» Exercise directions:
Return the stretch from the line with "The top 10 malicious" through the line with "- Tab titles" in the data below, character for character, skipping all pictures.

» Data to examine:
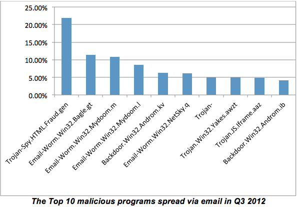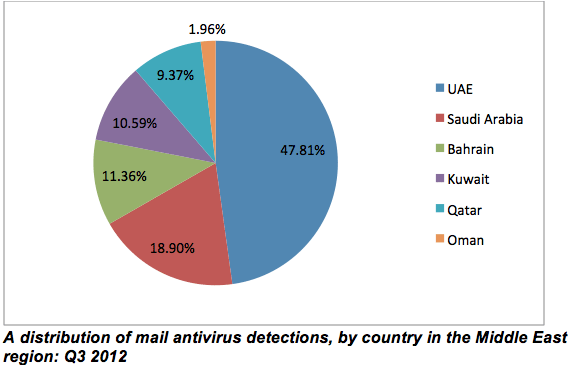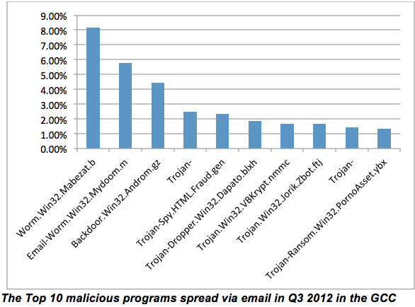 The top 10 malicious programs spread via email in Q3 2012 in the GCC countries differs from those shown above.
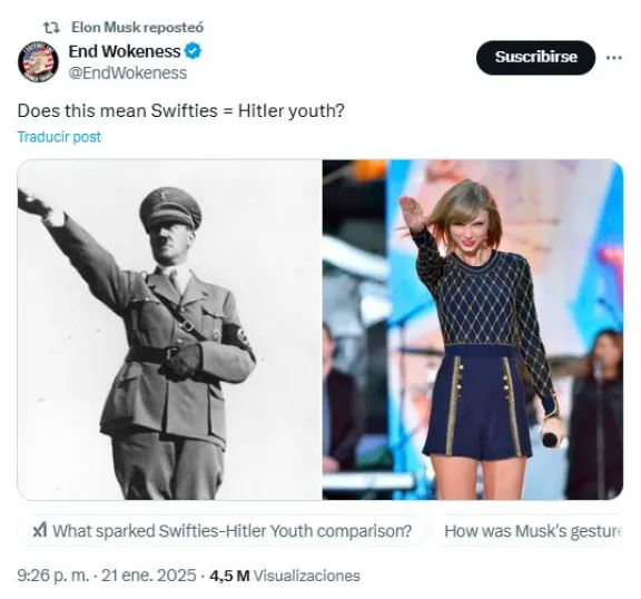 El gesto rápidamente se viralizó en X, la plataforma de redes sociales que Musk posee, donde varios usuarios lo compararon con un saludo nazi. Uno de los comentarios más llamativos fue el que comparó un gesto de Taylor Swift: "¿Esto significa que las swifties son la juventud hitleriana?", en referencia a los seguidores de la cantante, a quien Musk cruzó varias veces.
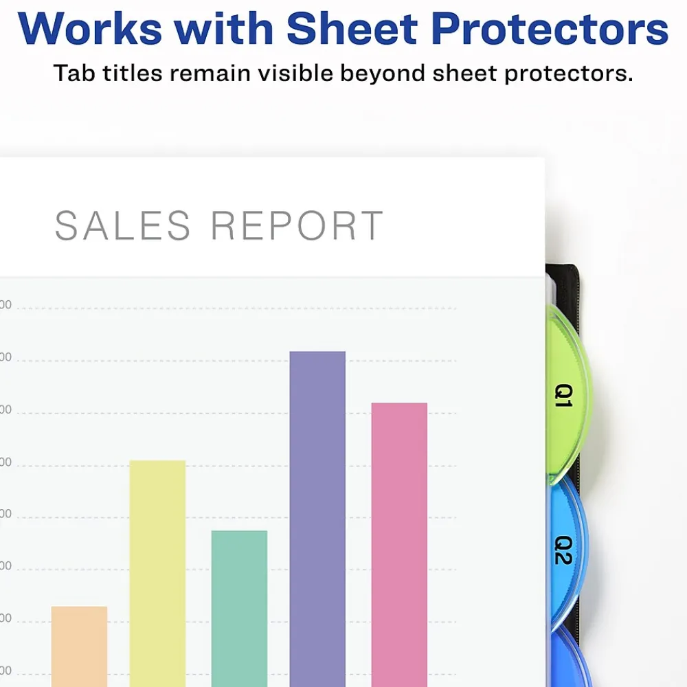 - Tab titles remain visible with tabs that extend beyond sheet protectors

---

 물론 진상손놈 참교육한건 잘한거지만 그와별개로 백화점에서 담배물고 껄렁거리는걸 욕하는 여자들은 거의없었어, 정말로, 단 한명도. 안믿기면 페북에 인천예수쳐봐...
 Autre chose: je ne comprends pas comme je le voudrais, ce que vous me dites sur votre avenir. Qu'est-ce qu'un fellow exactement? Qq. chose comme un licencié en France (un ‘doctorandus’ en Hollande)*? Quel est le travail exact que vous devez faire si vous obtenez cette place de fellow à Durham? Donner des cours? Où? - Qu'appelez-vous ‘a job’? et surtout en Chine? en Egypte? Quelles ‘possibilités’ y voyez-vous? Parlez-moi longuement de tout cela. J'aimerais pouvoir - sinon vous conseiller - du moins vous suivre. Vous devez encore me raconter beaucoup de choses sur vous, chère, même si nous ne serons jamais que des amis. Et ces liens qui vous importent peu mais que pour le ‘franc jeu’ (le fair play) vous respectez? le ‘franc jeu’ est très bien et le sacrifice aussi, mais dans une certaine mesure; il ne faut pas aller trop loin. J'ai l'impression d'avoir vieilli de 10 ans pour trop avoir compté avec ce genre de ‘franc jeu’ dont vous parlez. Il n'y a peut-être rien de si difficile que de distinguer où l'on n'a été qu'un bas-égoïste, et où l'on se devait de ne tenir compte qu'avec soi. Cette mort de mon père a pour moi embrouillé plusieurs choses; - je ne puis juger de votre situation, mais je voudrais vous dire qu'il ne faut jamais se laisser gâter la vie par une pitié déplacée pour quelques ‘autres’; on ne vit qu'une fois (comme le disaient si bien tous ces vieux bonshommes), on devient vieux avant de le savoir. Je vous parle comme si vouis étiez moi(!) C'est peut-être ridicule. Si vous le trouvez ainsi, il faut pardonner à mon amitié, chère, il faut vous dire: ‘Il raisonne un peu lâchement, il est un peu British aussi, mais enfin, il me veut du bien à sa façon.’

==

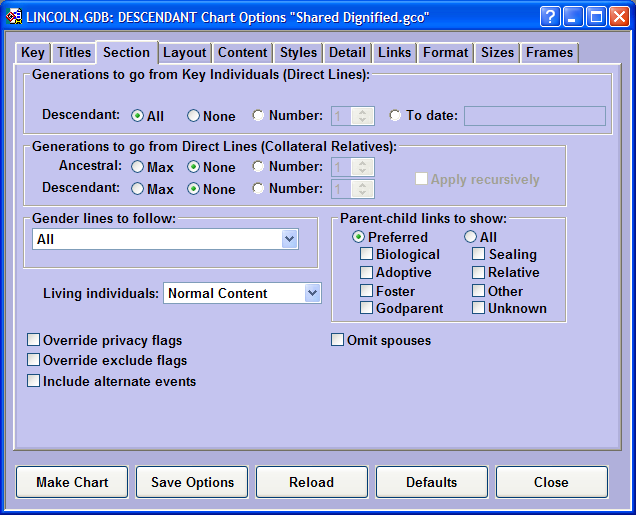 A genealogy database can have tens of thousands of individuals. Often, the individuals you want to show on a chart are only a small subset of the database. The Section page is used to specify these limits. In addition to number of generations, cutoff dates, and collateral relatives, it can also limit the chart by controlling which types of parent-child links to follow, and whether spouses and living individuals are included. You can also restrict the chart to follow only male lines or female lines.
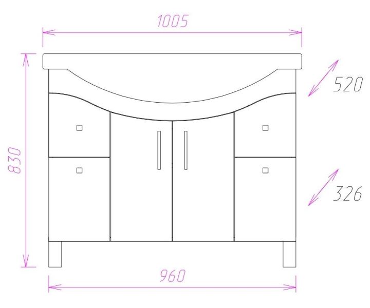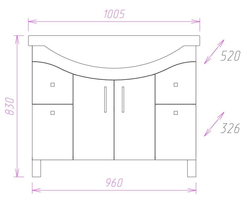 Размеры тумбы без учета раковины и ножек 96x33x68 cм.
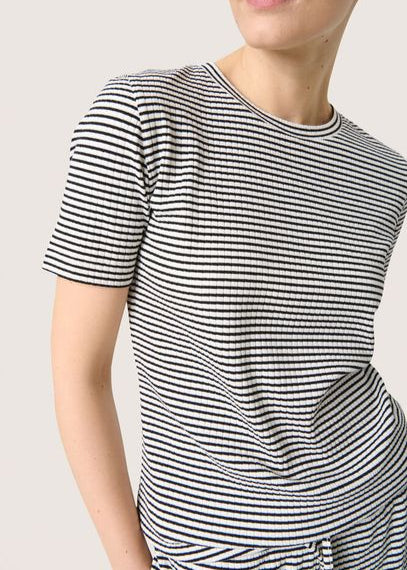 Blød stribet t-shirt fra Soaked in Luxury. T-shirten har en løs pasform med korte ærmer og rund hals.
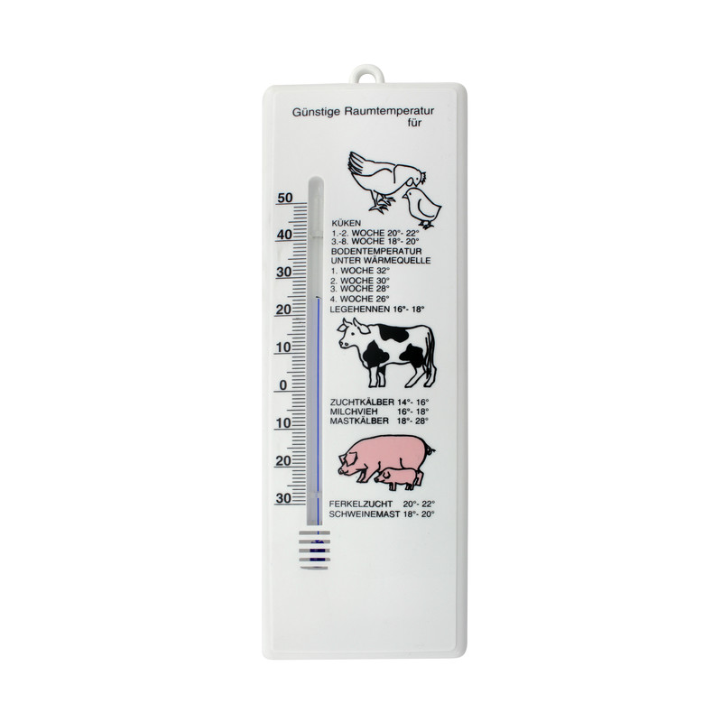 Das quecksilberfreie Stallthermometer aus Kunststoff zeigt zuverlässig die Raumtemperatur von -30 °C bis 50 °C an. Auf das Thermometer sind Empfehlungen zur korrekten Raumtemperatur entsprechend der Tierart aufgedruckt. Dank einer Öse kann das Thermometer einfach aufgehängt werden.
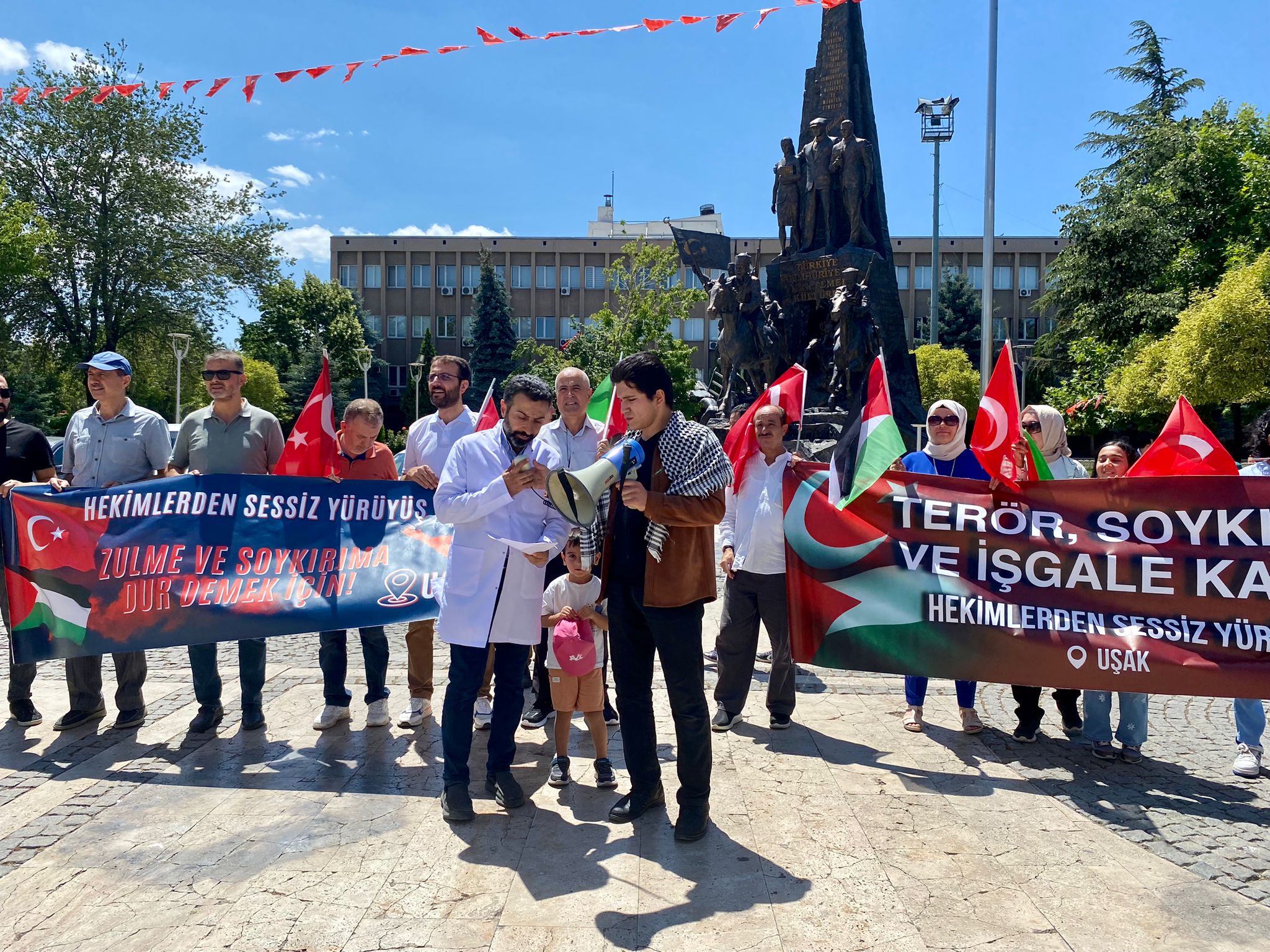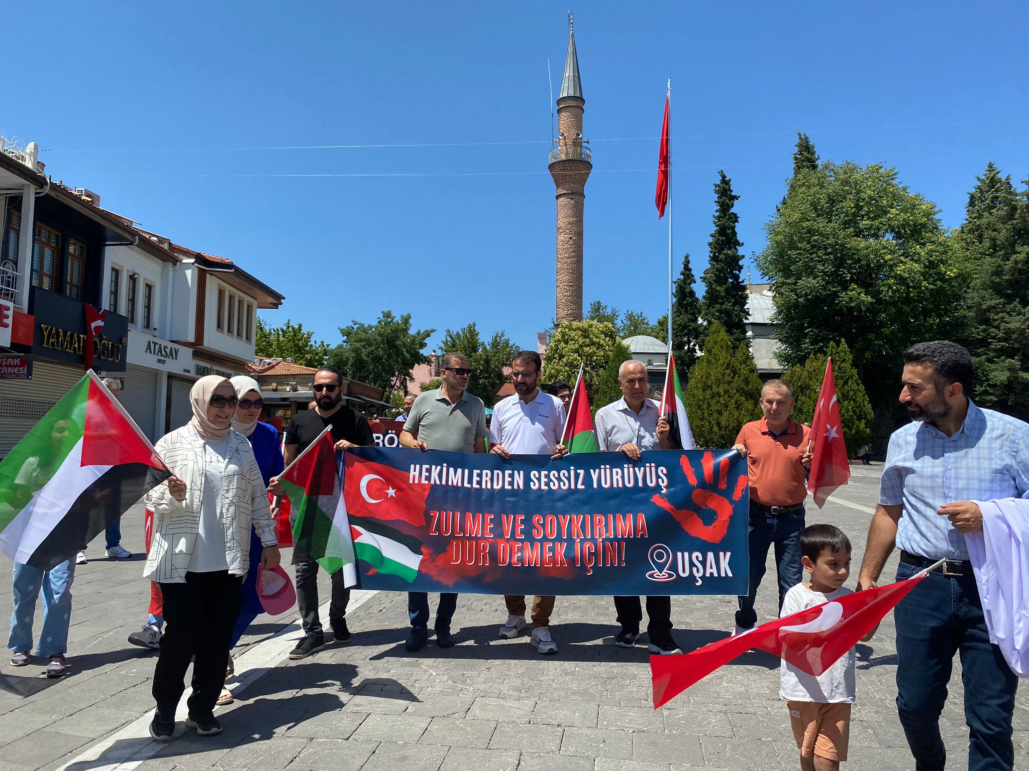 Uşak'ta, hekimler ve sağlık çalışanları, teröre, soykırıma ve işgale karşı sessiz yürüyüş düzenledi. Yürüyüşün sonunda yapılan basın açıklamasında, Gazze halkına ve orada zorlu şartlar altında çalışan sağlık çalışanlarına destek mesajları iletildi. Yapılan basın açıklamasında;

» Result of this exercise:
 The top 10 malicious programs spread via email in Q3 2012 in the GCC countries differs from those shown above.
 El gesto rápidamente se viralizó en X, la plataforma de redes sociales que Musk posee, donde varios usuarios lo compararon con un saludo nazi. Uno de los comentarios más llamativos fue el que comparó un gesto de Taylor Swift: "¿Esto significa que las swifties son la juventud hitleriana?", en referencia a los seguidores de la cantante, a quien Musk cruzó varias veces.
 - Tab titles remain visible with tabs that extend beyond sheet protectors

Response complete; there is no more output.